↓↓↓
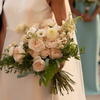 In this captivating scene, the essence of love and nature come together harmoniously, as the gentle sunlight filters through the trees, casting a warm and inviting glow. A bouquet bursts with life, showcasing a rich tapestry of soft ivory and blush roses, complemented by delicate greenery. The elegant arrangement, full of texture and subtle vibrancy, perfectly captures the serene ambiance of this outdoor setting. Every element speaks of artistry and romance, making it a quintessential addition to a florist's portfolio, where nature's beauty and human emotion intertwine seamlessly.
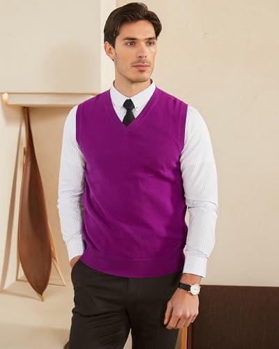 Kallspin 男式纯棉毛衣背心 V 领常规版型针织无袖套头毛衣
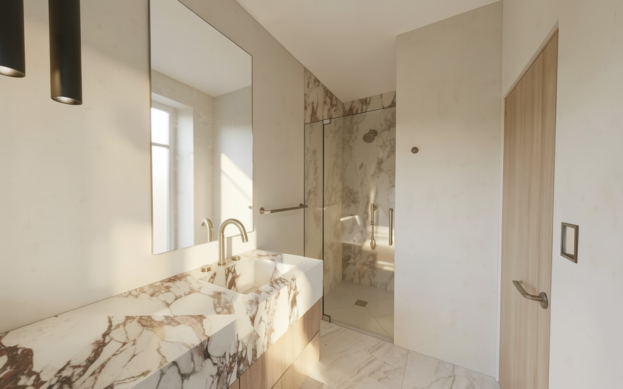 backlit mirror surrounding walls plaster floor is off white limestone natural lighting with light from window not shown
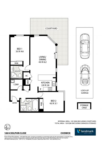 * Secure tandem garage, separate storage cage, lift access, security intercom
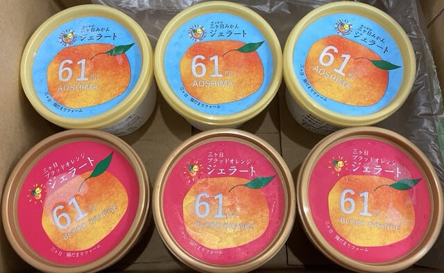 果汁たっぷりでしっとりとした食感 陽だまりファーム 三ヶ日みかんジェラート3個 ブラッドオレンジジェラート3個 6個入り 果汁61%使用!
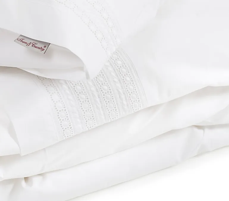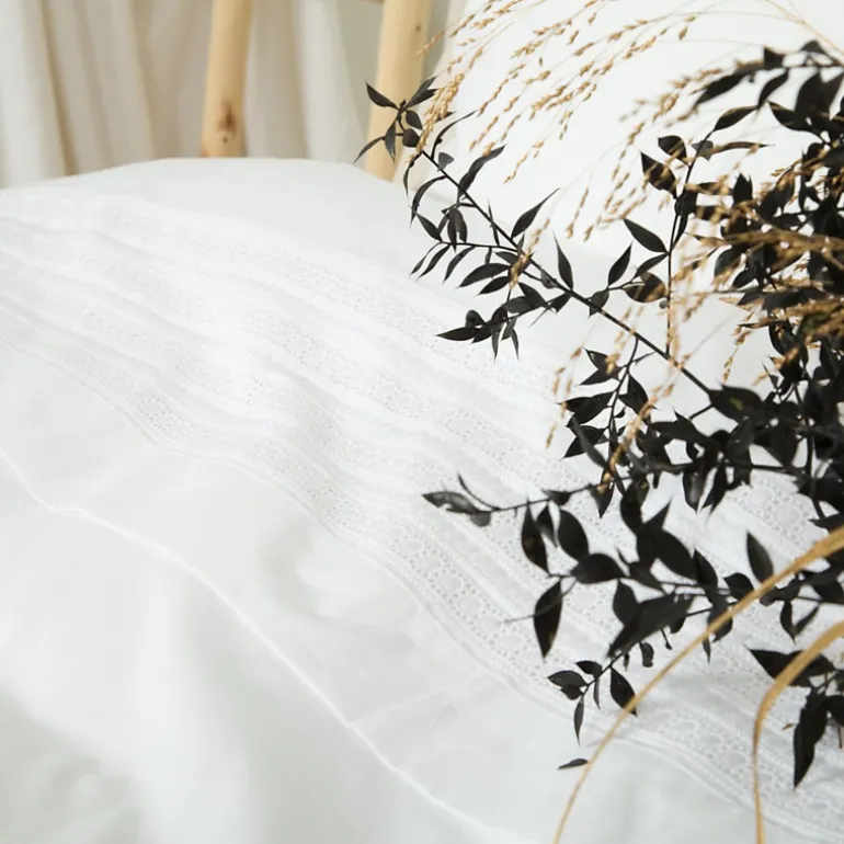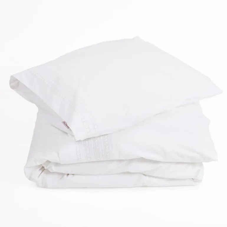 40 cm vanaf de bovenzijde vind je een baan met mooie broderie, de achterkant is glad percal katoen. De sloop heeft dezelfde broderie strook aan de zijkant.
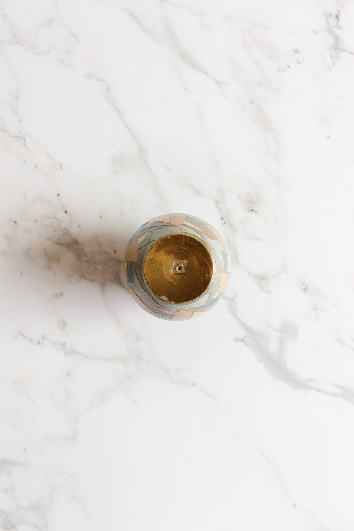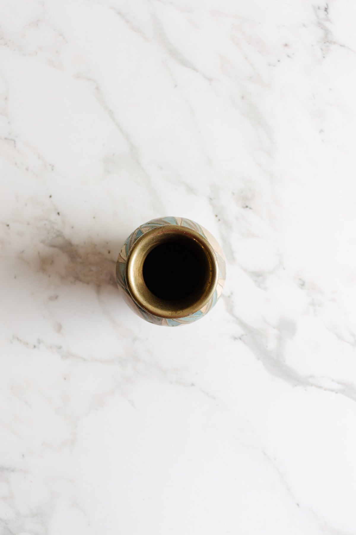 This elegant antique French petite vase features exquisite cloisonné enamelwork on a solid brass base. Handcrafted with intricate floral and geometric patterns, the vase showcases the traditional cloisonné technique, where delicate metal wires form compartments filled with vibrant colored enamel. Sourced from a brocante in Marseille.
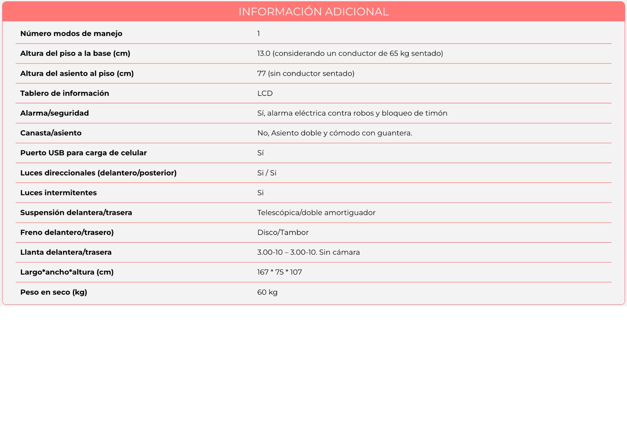 Además, cuenta con accesorios adicionales que elevan la experiencia de uso: Puerto USB para cargar dispositivos, Guantera en el timón y gancho multiusos, Doble asiento cómodo y maletera trasera de gran capacidad, Potente bocina, control inalámbrico y dos llaves de seguridad.
↑↑↑
The material above is to be output exactly, with each picture left out.

 In this captivating scene, the essence of love and nature come together harmoniously, as the gentle sunlight filters through the trees, casting a warm and inviting glow. A bouquet bursts with life, showcasing a rich tapestry of soft ivory and blush roses, complemented by delicate greenery. The elegant arrangement, full of texture and subtle vibrancy, perfectly captures the serene ambiance of this outdoor setting. Every element speaks of artistry and romance, making it a quintessential addition to a florist's portfolio, where nature's beauty and human emotion intertwine seamlessly.
 Kallspin 男式纯棉毛衣背心 V 领常规版型针织无袖套头毛衣
 backlit mirror surrounding walls plaster floor is off white limestone natural lighting with light from window not shown
 * Secure tandem garage, separate storage cage, lift access, security intercom
 果汁たっぷりでしっとりとした食感 陽だまりファーム 三ヶ日みかんジェラート3個 ブラッドオレンジジェラート3個 6個入り 果汁61%使用!
 40 cm vanaf de bovenzijde vind je een baan met mooie broderie, de achterkant is glad percal katoen. De sloop heeft dezelfde broderie strook aan de zijkant.
 This elegant antique French petite vase features exquisite cloisonné enamelwork on a solid brass base. Handcrafted with intricate floral and geometric patterns, the vase showcases the traditional cloisonné technique, where delicate metal wires form compartments filled with vibrant colored enamel. Sourced from a brocante in Marseille.
 Además, cuenta con accesorios adicionales que elevan la experiencia de uso: Puerto USB para cargar dispositivos, Guantera en el timón y gancho multiusos, Doble asiento cómodo y maletera trasera de gran capacidad, Potente bocina, control inalámbrico y dos llaves de seguridad.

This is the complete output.